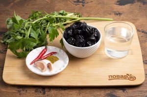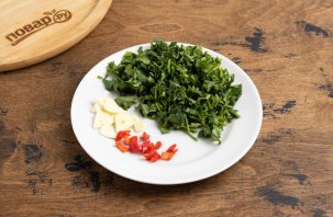 Острый перец очистите от семян и порежьте кружочками. Чеснок очистите от шелухи и порежьте пластинами. Петрушку и базилик помойте, обсушите и мелко порежьте.
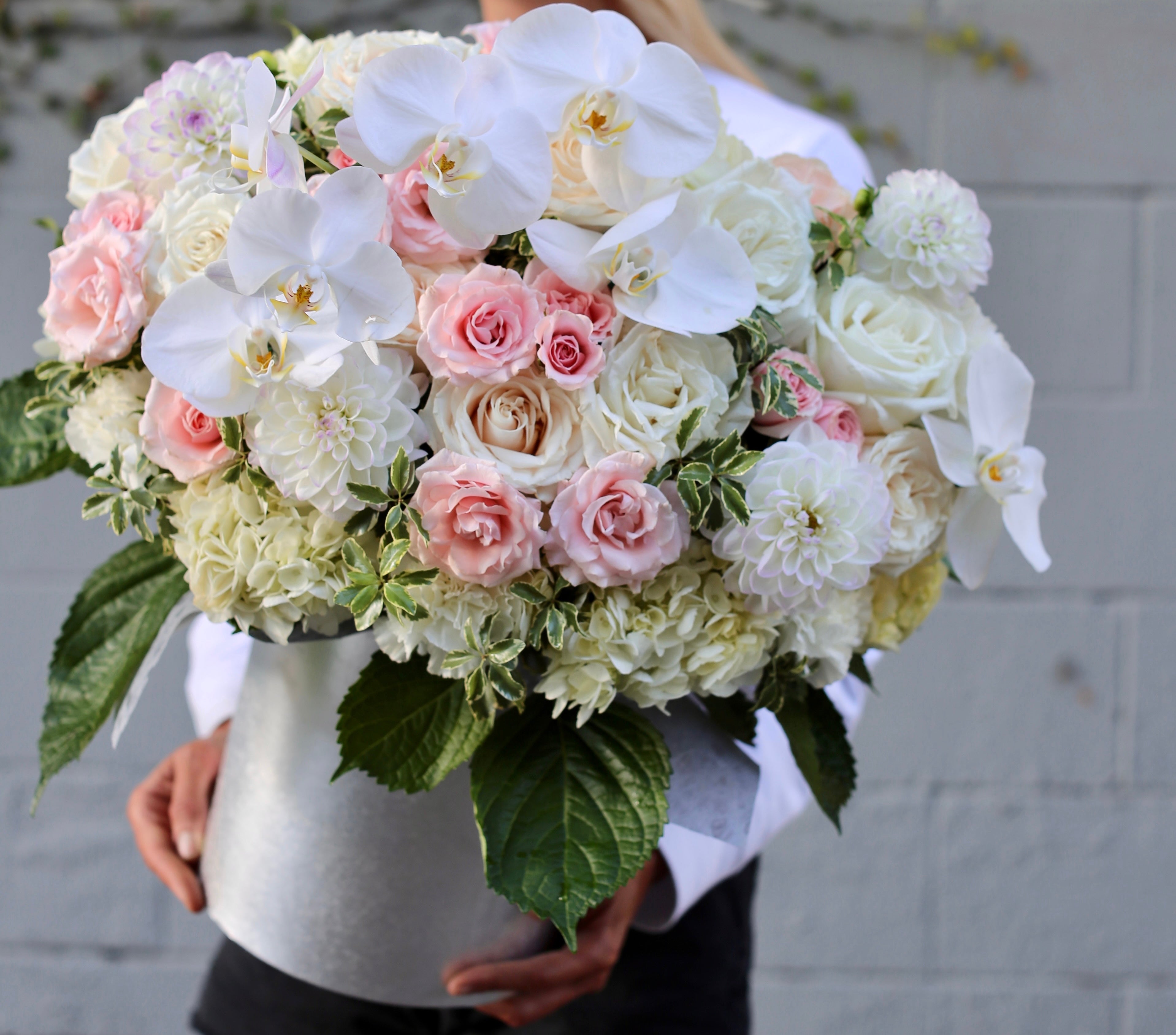 Roses, Orchids, Dahlias, Hydrangea and Greens. Size L
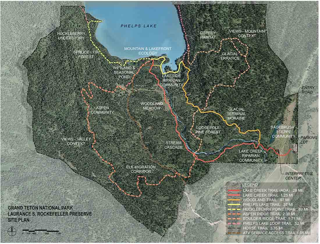 劳伦斯·S·洛克菲勒提出了一个颇有远见的项目,旨在通过沉浸于自然景观之中,以一种强调环境保护的方式平衡土地保护以及公众访问。精心设计的入口,路径网络以及适当的解说中心使得访客得以通过轻微的接触,选取的路径,以及变革的特性,参与漫步于国家公园布景之中的体验独特的经历。该项目被送给美国公众,成为了所有国家公园中第一个获得LEED铂金奖的项目。
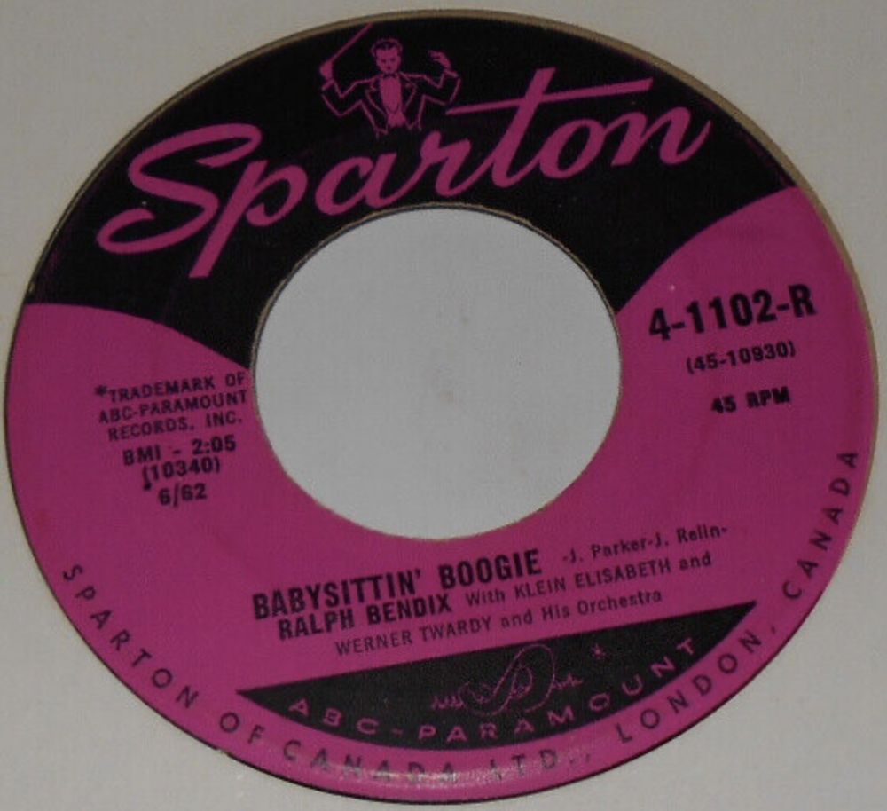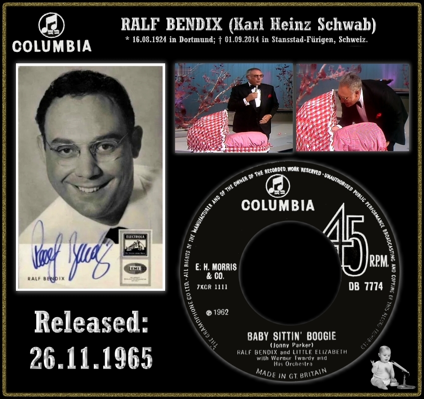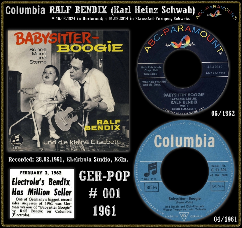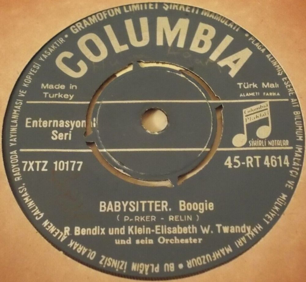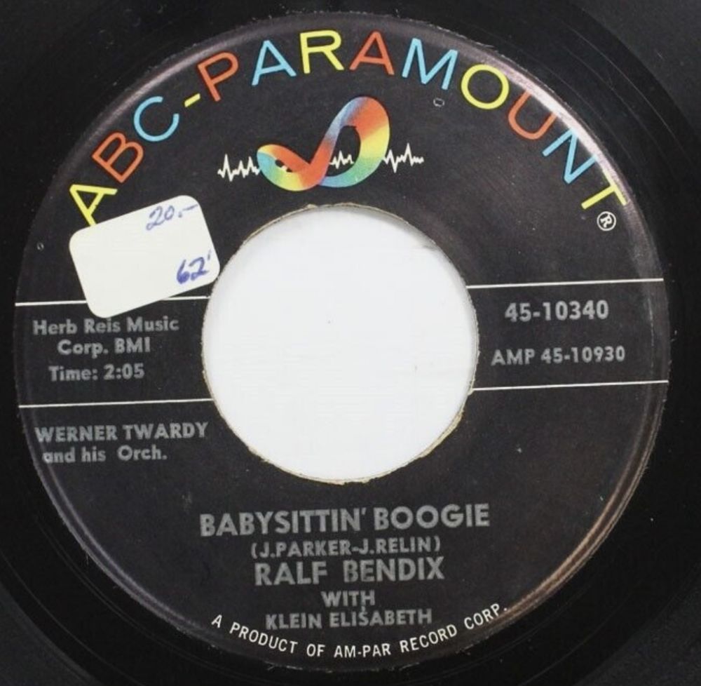 Rockin’ Pete hat mich auf die britische COLUMBIA-Single in #15 vom November 1965 aufmerksam gemacht. Zeitmäßig passt sie zwar nicht in meine Recherchierzeit, aber je mehr ich mich mit ihr befasste, umso interessanter wurde sie für mich. Aufgrund des (P) 1962 auf der Single aus 1965 nehme ich an, dass Ralf Bendix die englischsprachige Version vom Babysitter Boogie in diesem Jahr in Deutschland eingespielt hat und als Musikbegleitung wurde die Orchestereinspielung für die deutschsprachige Version aus dem Jahre 1961 verwendet. Obwohl eigentlich unüblich wäre aber das eine Erkärung dafür, dass Köln den Engländern die Matrixnummer der deutschsprachigen Version gemeldet hat und keine neue Masterung erfolgte. Die Engländer haben nicht nur die obskure Matrix, sondern auch den falsch geschriebenen Autor Jonny Parker übernommen. Den Vornamen haben sie allerdings irgendwann später auf Johnny korrigiert.

## Task details
In the copy, include no pictures; restate the listing above exactly.

## Output for this exercise
 Острый перец очистите от семян и порежьте кружочками. Чеснок очистите от шелухи и порежьте пластинами. Петрушку и базилик помойте, обсушите и мелко порежьте.
 Roses, Orchids, Dahlias, Hydrangea and Greens. Size L
 劳伦斯·S·洛克菲勒提出了一个颇有远见的项目,旨在通过沉浸于自然景观之中,以一种强调环境保护的方式平衡土地保护以及公众访问。精心设计的入口,路径网络以及适当的解说中心使得访客得以通过轻微的接触,选取的路径,以及变革的特性,参与漫步于国家公园布景之中的体验独特的经历。该项目被送给美国公众,成为了所有国家公园中第一个获得LEED铂金奖的项目。
 Rockin’ Pete hat mich auf die britische COLUMBIA-Single in #15 vom November 1965 aufmerksam gemacht. Zeitmäßig passt sie zwar nicht in meine Recherchierzeit, aber je mehr ich mich mit ihr befasste, umso interessanter wurde sie für mich. Aufgrund des (P) 1962 auf der Single aus 1965 nehme ich an, dass Ralf Bendix die englischsprachige Version vom Babysitter Boogie in diesem Jahr in Deutschland eingespielt hat und als Musikbegleitung wurde die Orchestereinspielung für die deutschsprachige Version aus dem Jahre 1961 verwendet. Obwohl eigentlich unüblich wäre aber das eine Erkärung dafür, dass Köln den Engländern die Matrixnummer der deutschsprachigen Version gemeldet hat und keine neue Masterung erfolgte. Die Engländer haben nicht nur die obskure Matrix, sondern auch den falsch geschriebenen Autor Jonny Parker übernommen. Den Vornamen haben sie allerdings irgendwann später auf Johnny korrigiert.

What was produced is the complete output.